HDFS Support Types and Functions

record hdfsChapelFile

Holds a file per locale

record hdfsChapelFileSystem

Holds a connection to HDFS per locale

proc hdfsChapelConnect(out error: syserr, path: c_string, port: int): c_void_ptr

Make a connection to HDFS for a single locale

proc hdfsChapelConnect(path: string, port: int): hdfsChapelFileSystem

Connect to HDFS and create a filesystem ptr per locale

proc hdfsChapelFileSystem.hdfsChapelDisconnect()

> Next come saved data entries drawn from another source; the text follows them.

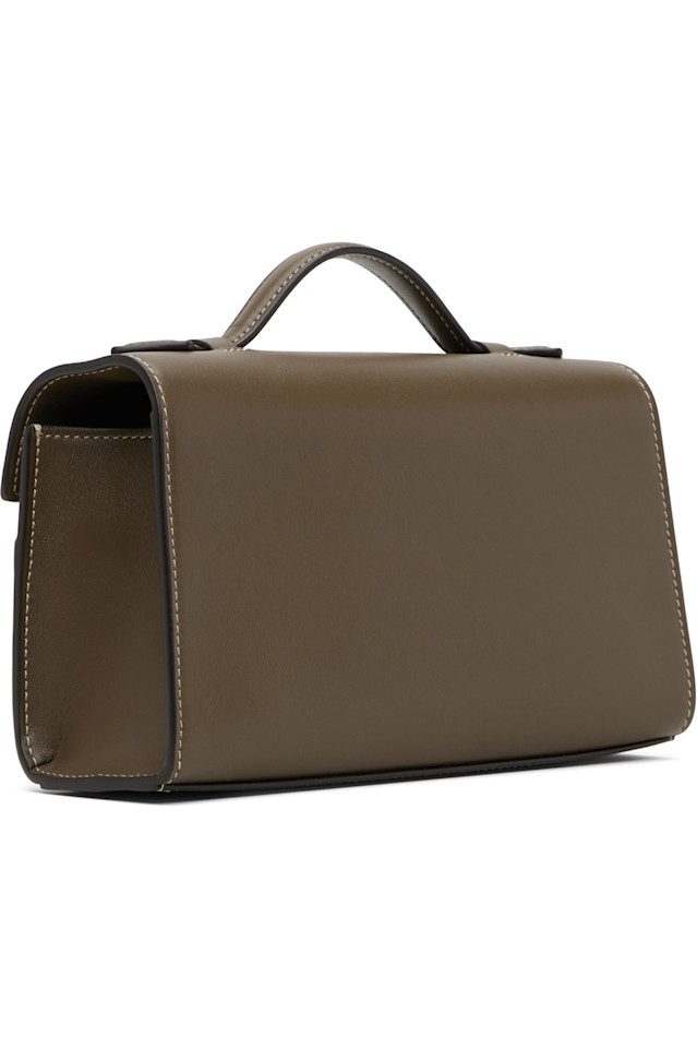 Жесткая сумка из полированной телячьей кожи с верхней ручкой.
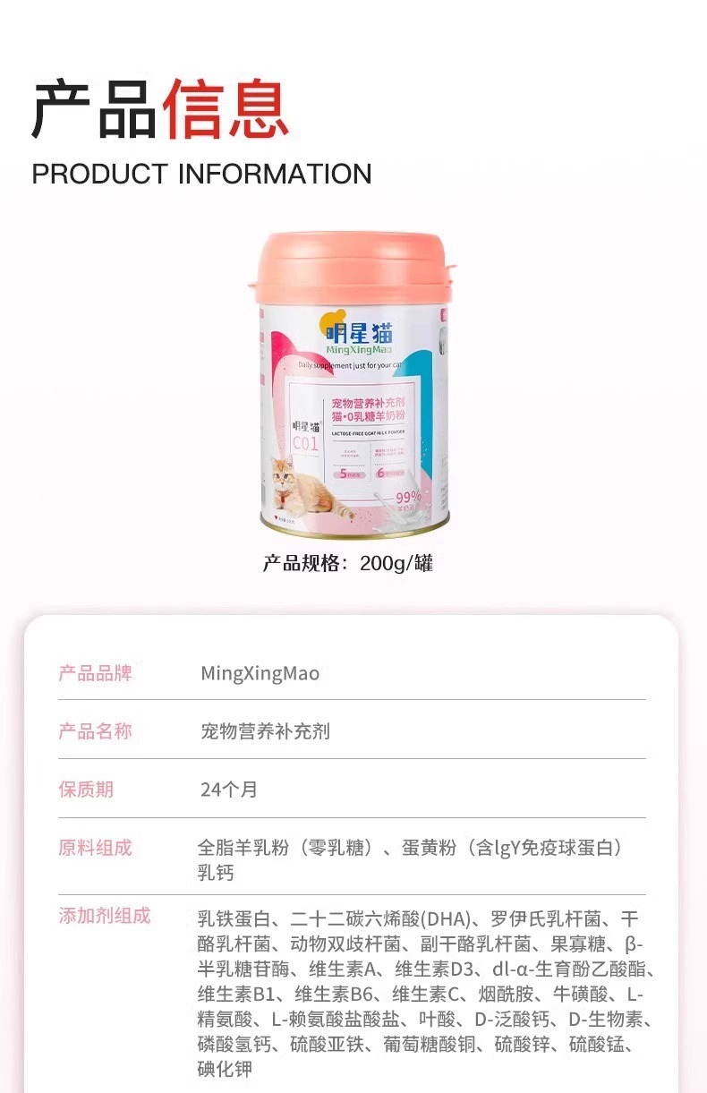 새끼 고양이를 위한 염소 우유 분말, 유당 0 고양이, 새끼 고양이를 위한 염소 우유, 칼슘 보충제, 애완 동물 영양 보충제
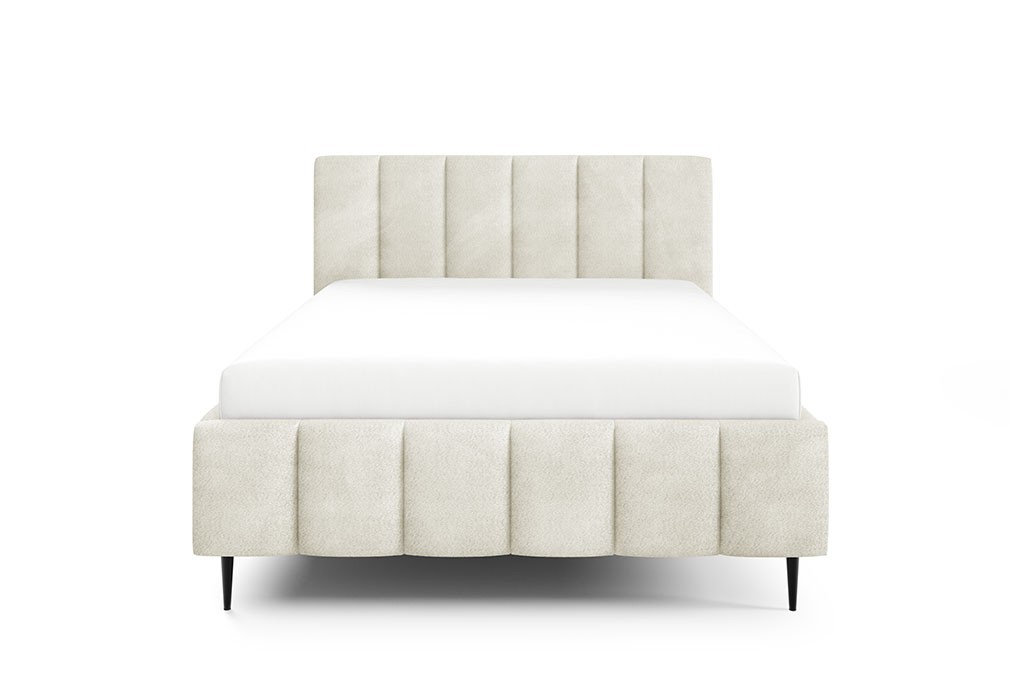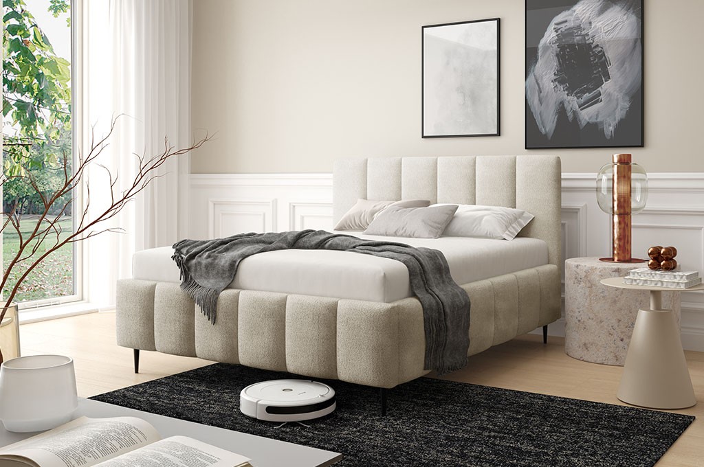 Łóżko tapicerowane na metalowych nóżkach z pojemnikiem na pościel i stelażem drewnianym CORAL LUNERO 180x200
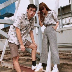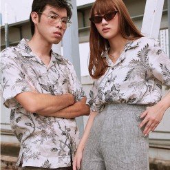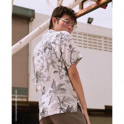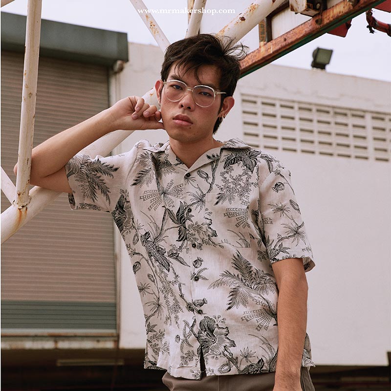 YMS-009 เสื้อเชิ้ตทรงฮาวายผู้ชาย ลายดอก Darjeeling Linen Floral สีเทาอ่อน
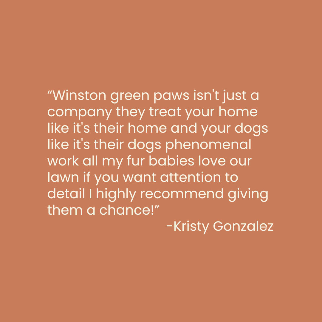“Winston green paws isn’t just a company they treat your home like it’s their home and your dogs like it’s their dogs phenomenal work all my fur babies love our lawn if you want attention to detail I highly recommend giving them a chance!”
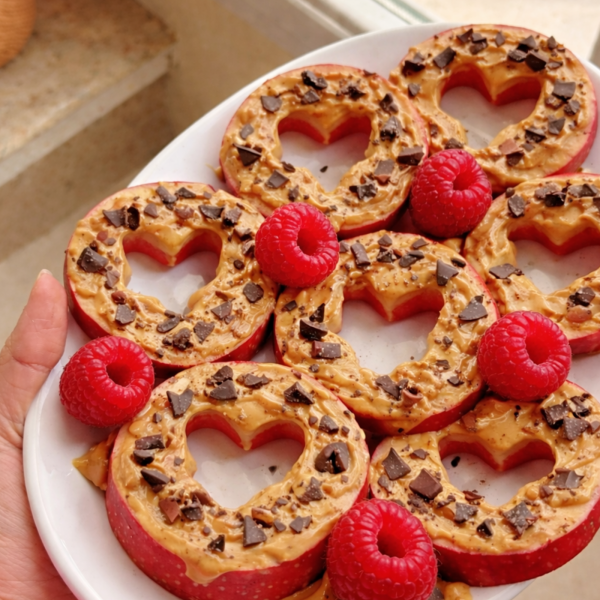 • Heart-shaped apple slices with raspberries
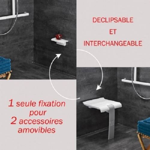 Parfaitement adapté pour les particuliers comme pour l'hôtellerie. Un produit novateur et unique : siège déclipsable de son support mural et interchangeable avec la tablette de douche Arsis réf. 047735 (847067). Assise ergonomique grande taille au design épuré pour un maximum de confort. Le concept idéal pour transformer sa douche et la rendre accessible en toute sécurité. Fixations invisibles. Le design de ce produit est coordonné aux produits Confort Arsis.
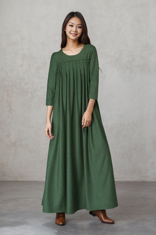 Dark Green Midi Wool Dress C4528
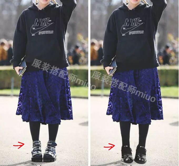 同樣都是對身材沒什麼要求的寬鬆衛衣+半身裙,搭個笨重的鞋子,顯得整個人很笨拙;而換雙鞋型窄長利落的牛津鞋,就顯得輕盈多了。
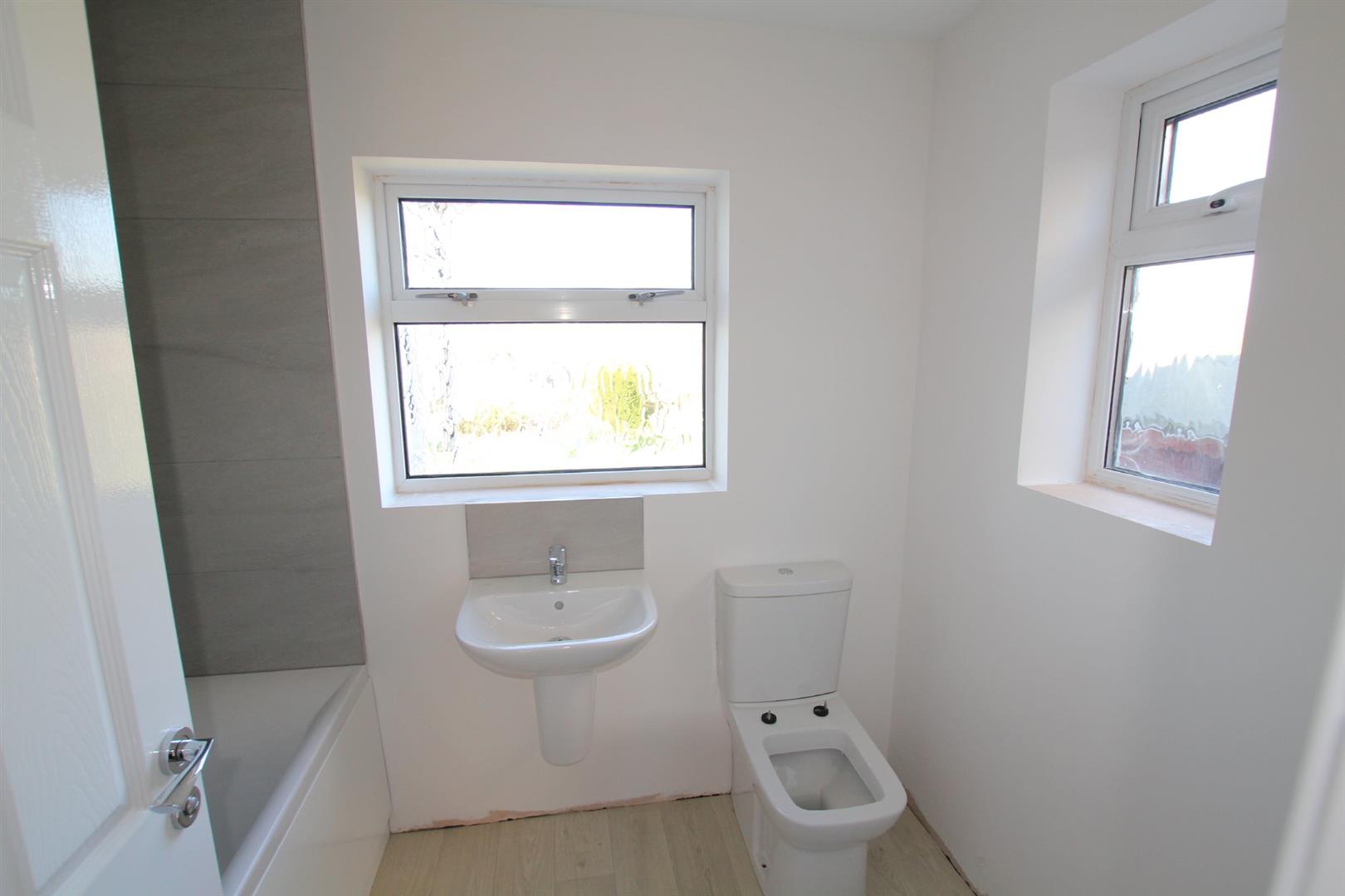 Bathroom - 5' 4" x 7' 7" (1.65m x 2.32m) - Fitted with a contemporary suite comprising with mixer tap, spray attachment, shower screen and fully-tiled area surround, sink unit with mixer tap and low-level toilet. Vertical towel rail/radiator. Obscured double-glazed windows to the side and rear elevations.
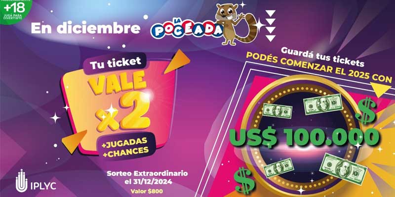 Es por eso que desde el IPLyC instan a los apostadores a resguardar los cupones no premiados, confeccionados entre el 25 de noviembre al 31 de diciembre. Durante este período tendrán una doble oportunidad: participar del sorteo tradicional (pozo acumulado) y con el mismo ticket conservado, soñar con empezar el 2025 con los 100 mil dólares del sorteo extraordinario.
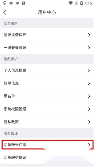 3、往下滑动就可以看到叨鱼账号注销了;
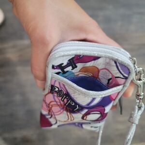 Chic Coach shoulder bags with matching wallets and keychain. Features pink, black, and purple, and dark blue accents. All items are in great condition.
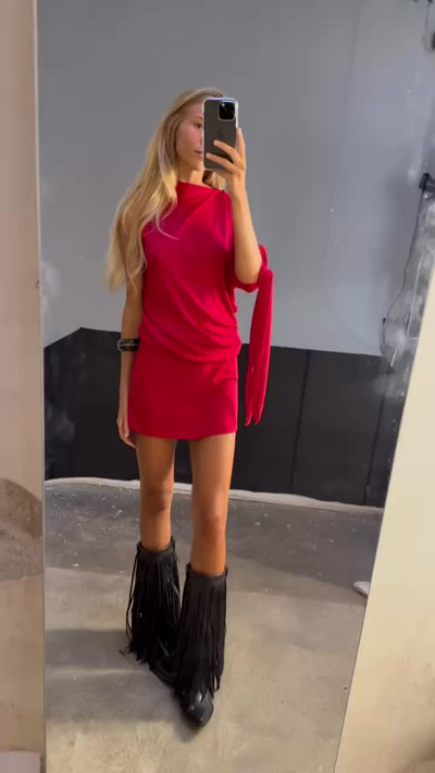 Vestido rojo corto con fruncidos, diseño de hombro descubierto y detalle elegante de botón.
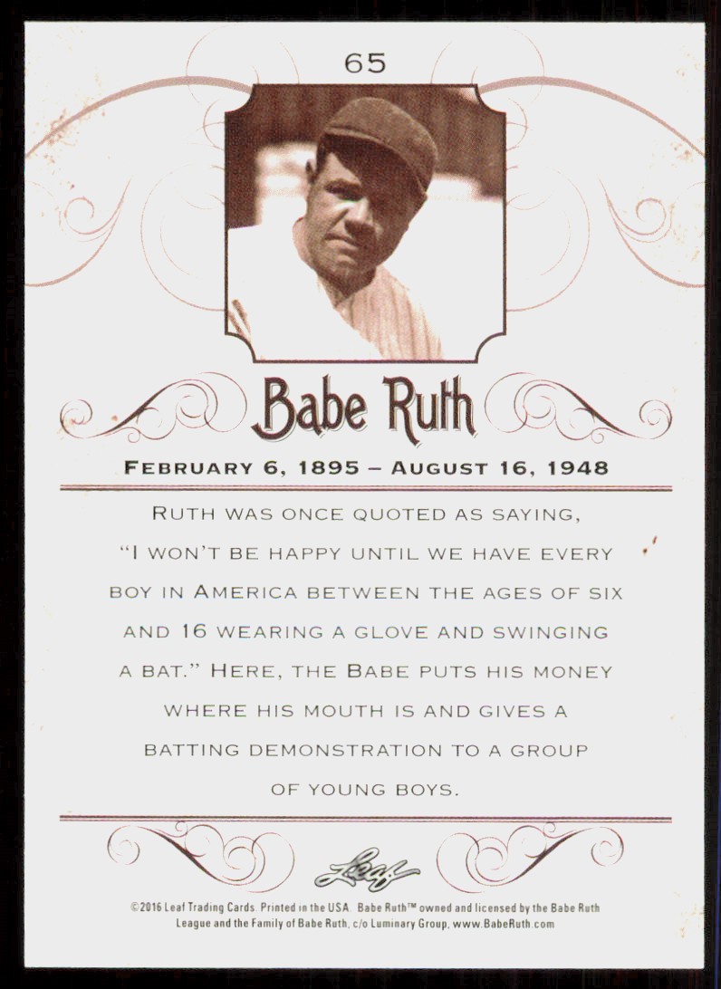 2016 Leaf Babe Ruth Collection Babe Ruth Yankees #65
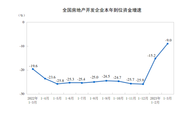 1—3月份,房地产开发企业到位资金34708亿元,同比下降9.0%。其中,国内贷款4995亿元,下降9.6%;利用外资8亿元,下降22.7%;自筹资金10171亿元,下降17.9%;定金及预收款11909亿元,下降2.8%;个人按揭贷款6188亿元,下降2.9%。
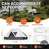 این چادر گلمپینگ به دلیل ابعاد بسیار بزرگ ۴۱۹.۹×۲۷۰×۶۷۰ سانتیمتر، فضای وسیعی را برای اقامت گروهی و خانوادگی فراهم میکند. با ظرفیت تا ۱۲ نفر، امکان استفاده همزمان برای تعداد زیادی از افراد مهیا است.
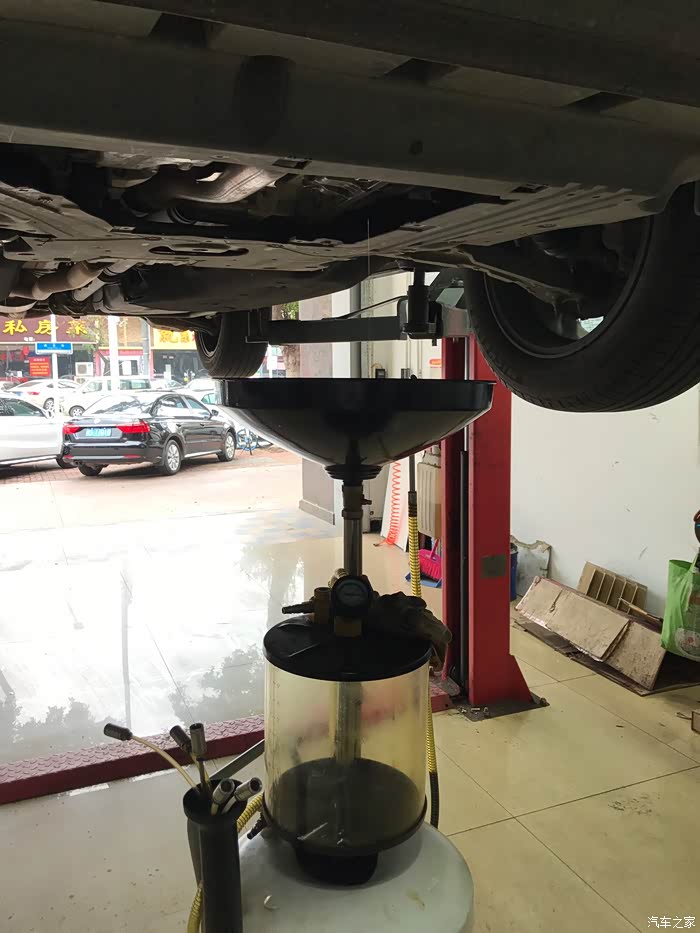 1.首先确认换多少油(重力法8升,循环机12升)我这里主要讲重力法。经过确认变速箱如果抽空的话就要加6.5升油,但是换油的时候单纯把变速箱放油口打开,只能放出3.5升左右,也就是说放出来还要加进去3.5L,但是按照算法,这样换油只能换50%的油不够彻底。我是这样的,首先放油,然后再加满油。加满后跑几公里,回到店油全放,再加满。因为更换过程中,变速箱油会有损失,我建议买够8升备用。
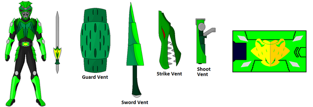 Slash Ranger based on MMPR Green/Dragonranger. He was the only ranger who came from outside Japan. He is initially quiet and shy, but after being exposed to the power of the green Ranger Core he becomes aggressive and confident.
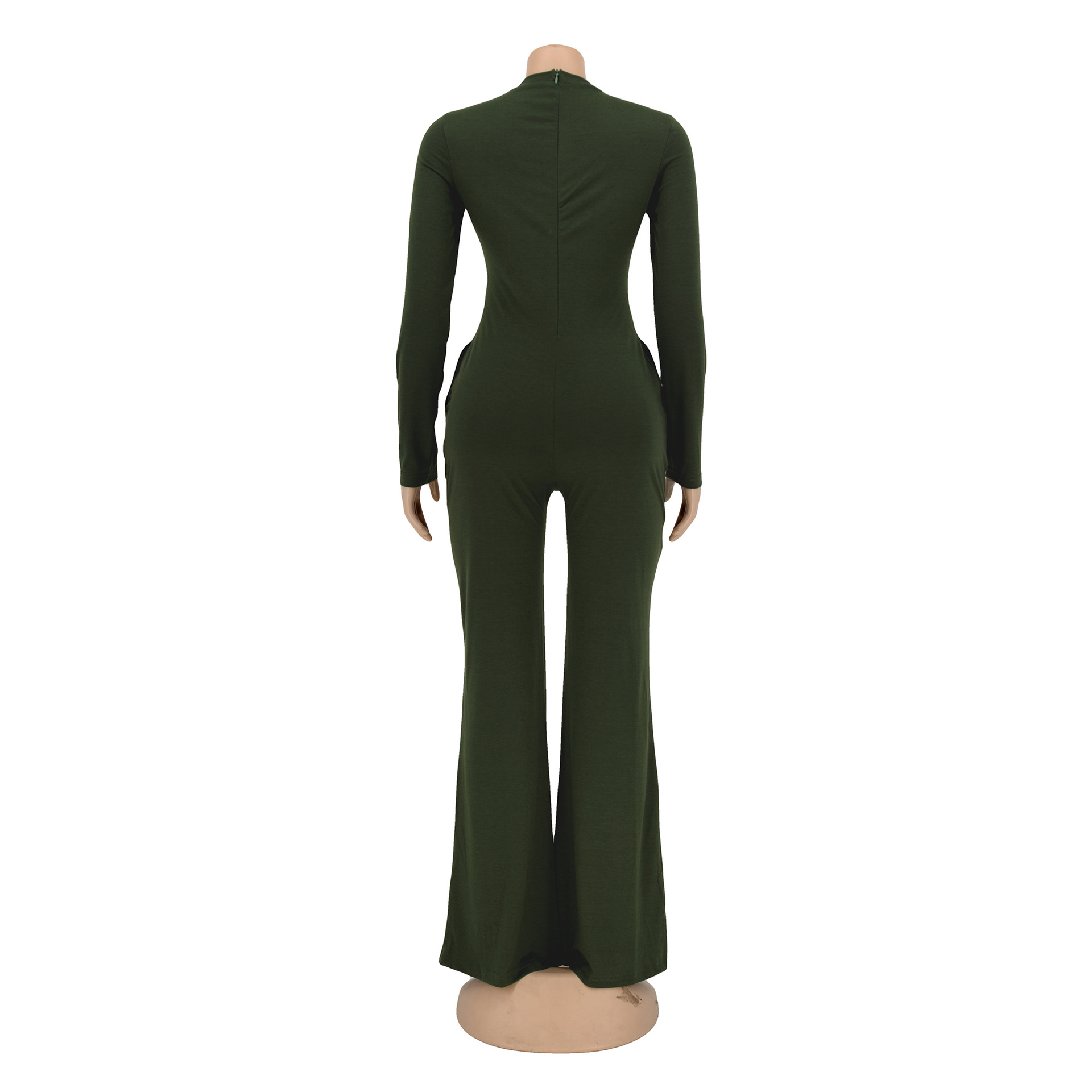 Jumpsuit Bell Bottom Pants Tight V neck Long Sleeve Jumpsuit Winter
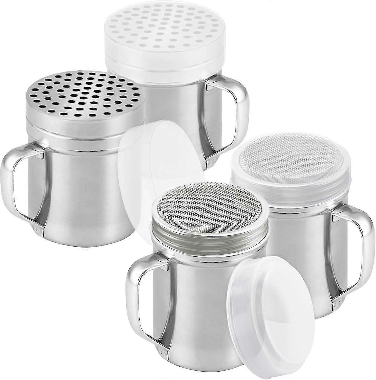 [2-pack] 6oz Powdered Shaker with Fine Mesh, [2-pack] 10oz Metal Parmesan Cheese

Diconnect from the configured HDFS filesystem on each locale

proc hdfsChapelFileSystem.hdfsOpen(path: string, mode: iomode, hints: iohints = IOHINT_NONE, style: iostyle = defaultIOStyle()): hdfsChapelFile

Open a file on each locale

proc hdfsChapelFile.hdfsClose()

Close a file opened with hdfsChapelFileSystem.hdfsOpen

proc hdfsChapelFileSystem_local.hdfs_chapel_open(path: string, mode: iomode, hints: iohints = IOHINT_NONE, style: iostyle = defaultIOStyle()): file

Open a file on an HDFS filesystem for a single locale

proc hdfs_chapel_connect(path: string, port: int): hdfsChapelFileSystem_local

Connect to an HDFS filesystem on a single locale